Hyperparticle / udify

A single model that parses Universal Dependencies across 75 languages. Given a sentence, jointly predicts part-of-speech tags, morphology tags, lemmas, and dependency trees.
https://arxiv.org/abs/1904.02099
MIT License
219 stars 56 forks source link

predict.py to work with raw text files #8

Closed drunkinlove closed 4 years ago

drunkinlove commented 4 years ago

Hello!

First of all, thank you for the research and shared code, it's immensely helpful.

I wanted to know if there's an easy way for me to make predict.py work with raw text files, since this seems like the purpose of the architecture. Is there a reason my input files have to conform to the CoNLL -U format besides calculating evaluation metrics?
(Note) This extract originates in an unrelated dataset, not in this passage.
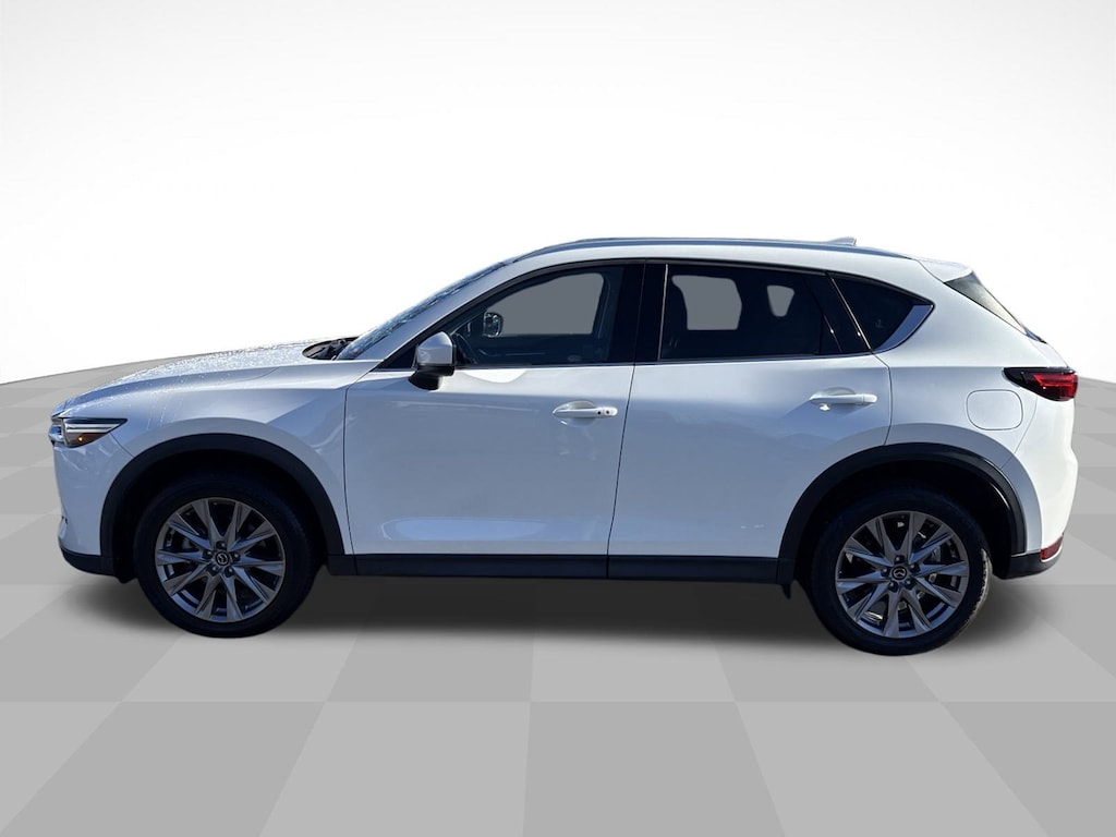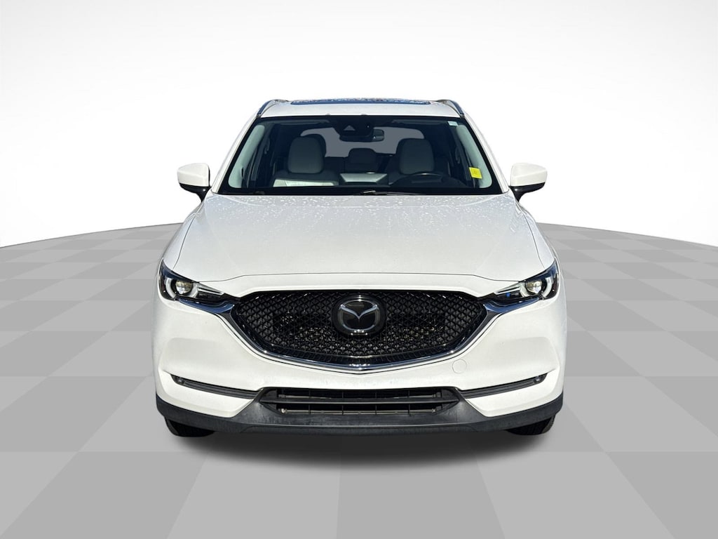 Snowflake White Pearl Mica 2021 Mazda CX-5 Grand Touring Reserve AWD 6-Speed Automatic 2.5L I4 10 Speakers, 4-Wheel Disc Brakes, 4.411 Axle Ratio, ABS brakes, Air Conditioning, Alloy wheels, AM/FM radio: SiriusXM, AppLink/Apple CarPlay and Android Auto, Auto High-beam Headlights, Auto-dimming Rear-View mirror, Automatic temperature control, Bose 10-Speaker Premium Audio Sound System, Brake assist, Bumpers: body-color, Delay-off headlights, Driver door bin, Driver vanity mirror, Dual front impact airbags, Dual front side impact airbags, Electronic Stability Control, Emergency communication system: MAZDA CONNECT, Exterior Parking Camera Rear, Four wheel independent suspension, Front anti-roll bar, Front Bucket Seats, Front Center Armrest, Front dual zone A/C, Front fog lights, Front reading lights, Fully automatic headlights, Garage door transmitter: HomeLink, Heads-Up Display, Heated door mirrors, Heated front seats, Heated rear seats, Heated steering wheel, Heated/Ventilated Front Bucket Seats, Illuminated entry, Leather Seat Trim, Leather Shift Knob, Low tire pressure warning, Memory seat, Occupant sensing airbag, Outside temperature display, Overhead airbag, Overhead console, Panic alarm, Passenger door bin, Passenger vanity mirror, Power door mirrors, Power driver seat, Power Liftgate, Power moonroof, Power passenger seat, Power steering, Power windows, Radio data system, Radio: AM/FM/HD Audio System, Rain sensing wipers, Rear anti-roll bar, Rear reading lights, Rear seat center armrest, Rear window defroster, Rear window wiper, Remote keyless entry, Roof Rack Side Rails, Snowflake White Pearl Mica Paint, Speed control, Speed-sensing steering, Split folding rear seat, Spoiler, Steering wheel mounted audio controls, Tachometer, Telescoping steering wheel, Tilt steering wheel, Traction control, Trip computer, Turn signal indicator mirrors, Variably intermittent wipers, Ventilated front seats, Wheels: 19" x 7J Aluminum Alloy.

Hyperparticle commented 4 years ago

It's not strictly necessary to use the conllu predictor, it's just there for convenience for evaluation. All the logic for sentence input and prediction output can be found in predictor.py. The _json_to_instance() is probably what you are interested in, which takes as input a json dict with a sentence as input, which you can then tokenize (AllenNLP provides a Spacy tokenizer which can be used for multilingual text), and then pass to the dataset reader. I can get you a simple example working soon.

Hyperparticle commented 4 years ago

I added a new option --raw_text to predict.py that can take an input file of one sentence per line and output one json annotation object per line.
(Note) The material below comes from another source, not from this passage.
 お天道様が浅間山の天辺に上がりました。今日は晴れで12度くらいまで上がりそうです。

Hope this helps. Let me know if you need any additional help.

drunkinlove commented 4 years ago

great, thanks a lot!

jzhou316 commented 4 years ago

Hi I also found that the option to directly input a raw text file for prediction very useful. Thanks for that! I have another small question, which is related to tokenization and BPE encoding. For example, if my text file is already tokenized (with some of my own tokenizer) and split by BPE, does it still work? And how are the BPE sub-words handled in the word-level tag prediction?

Hyperparticle commented 4 years ago

The text should work if it is tokenized, though if you already split with BPE I'm not sure what will happen. You could either recombine the words so that they can be split by the model (easy) or you could modify the tokenizer code in the repo to bypass the BPE step (harder).

The BPE subword embeddings are all discarded except for the first subword which is used to represent the information content of the whole word. In my experiments, I found no discernible difference between using the first, last, or average of all embeddings. This is also explained in the paper, and there's existing work which report similar findings.

jzhou316 commented 4 years ago

Thanks for the clarification! That really helps.